His claims decrying vaccines have roiled scientists and medical experts and stoked anger over whether his work harms children. He has made suggestions about the cause of covid-19 that he acknowledges sound racist and antisemitic.
Bolstered by his famous name and family’s legacy, his campaign of conspiracy theories has gained an electoral and financial foothold. He is running as an independent — having abandoned his pursuit of the Democratic Party nomination — and raised more than $15 million. A political action committee pledged to spend between $10 million and $15 million to get his name on the ballot in 10 states.
Even though he spent the past two decades as a prominent leader of the anti-vaccine movement, Kennedy rejects a blanket “anti-vax” label that he told Fox News in July makes him “look crazy, like a conspiracy theorist.”
But Kennedy draws bogus conclusions from scientific work. He employs “circumstantial evidence” as if it is proof. In TV, podcast, and political appearances for his campaign in 2023, Kennedy steadfastly maintained:
- Vaccines cause autism.
- No childhood vaccines “have ever been tested in a safety study pre-licensing.”
- There is “tremendous circumstantial evidence” that psychiatric drugs cause mass shootings, and the National Institutes of Health refuses to research the link out of deference to pharmaceutical companies.
- Ivermectin and hydroxychloroquine were discredited as covid-19 treatments so covid vaccines could be granted emergency use authorization, a win for Big Pharma.
- Exposure to the pesticide atrazine contributes to gender dysphoria in children.
- Covid-19 is “targeted to attack Caucasians and Black people. The people who are most immune are Ashkenazi Jews and Chinese.”
For Kennedy, the conspiracies aren’t limited to public health. He claims “members of the CIA” were involved in the assassination of his uncle, John F. Kennedy. He doesn’t “believe that (Sirhan) Sirhan’s bullets ever hit my father,” former Attorney General Robert F. Kennedy. He insists the 2004 presidential election was stolen from Democratic candidate John Kerry.
News organizations, including PolitiFact, have documented why those claims, and many others, are false, speculative, or conspiracy-minded.
Kennedy has sat for numerous interviews and dismissed the critics, not with the grievance and bluster of former President Donald Trump, but with a calm demeanor. He amplifies the alleged plot and repeats dubious scientific evidence and historical detail.
Will his approach translate to votes? In polls since November of a three-way matchup between President Joe Biden, Trump, and Kennedy, Kennedy pulled 16% to 22% of respondents.
Kennedy’s movement exemplifies the resonance of conspiratorial views. Misinformers with organized efforts are rewarded with money and loyalty.
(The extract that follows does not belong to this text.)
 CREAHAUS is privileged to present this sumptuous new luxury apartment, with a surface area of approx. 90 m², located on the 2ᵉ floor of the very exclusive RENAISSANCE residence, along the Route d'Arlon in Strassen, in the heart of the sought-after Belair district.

But that doesn’t make the claims true.
Robert F. Kennedy Jr.’s campaign based on false theories is PolitiFact’s 2023 Lie of the Year.
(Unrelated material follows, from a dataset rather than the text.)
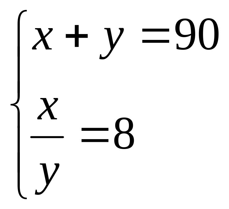 2-masala. Ikki sonning yig`indisi 90 ga, nisbati esa 8 ga teng bo`lsa, bu sonlarni toping.

How an Environmental Fighter Took Up Vaccines
Kennedy, the third of 11 children, was 9 when he was picked up on Nov. 22, 1963, from Sidwell Friends School in Washington, D.C., because Lee Harvey Oswald had shot and killed Uncle Jack. He was 14 when he learned that his father had been shot by Sirhan Sirhan following a victory speech after the California Democratic presidential primary.
RFK Jr., who turns 70 in January, wouldn’t begin to publicly doubt the government’s findings about the assassinations until later in his adulthood.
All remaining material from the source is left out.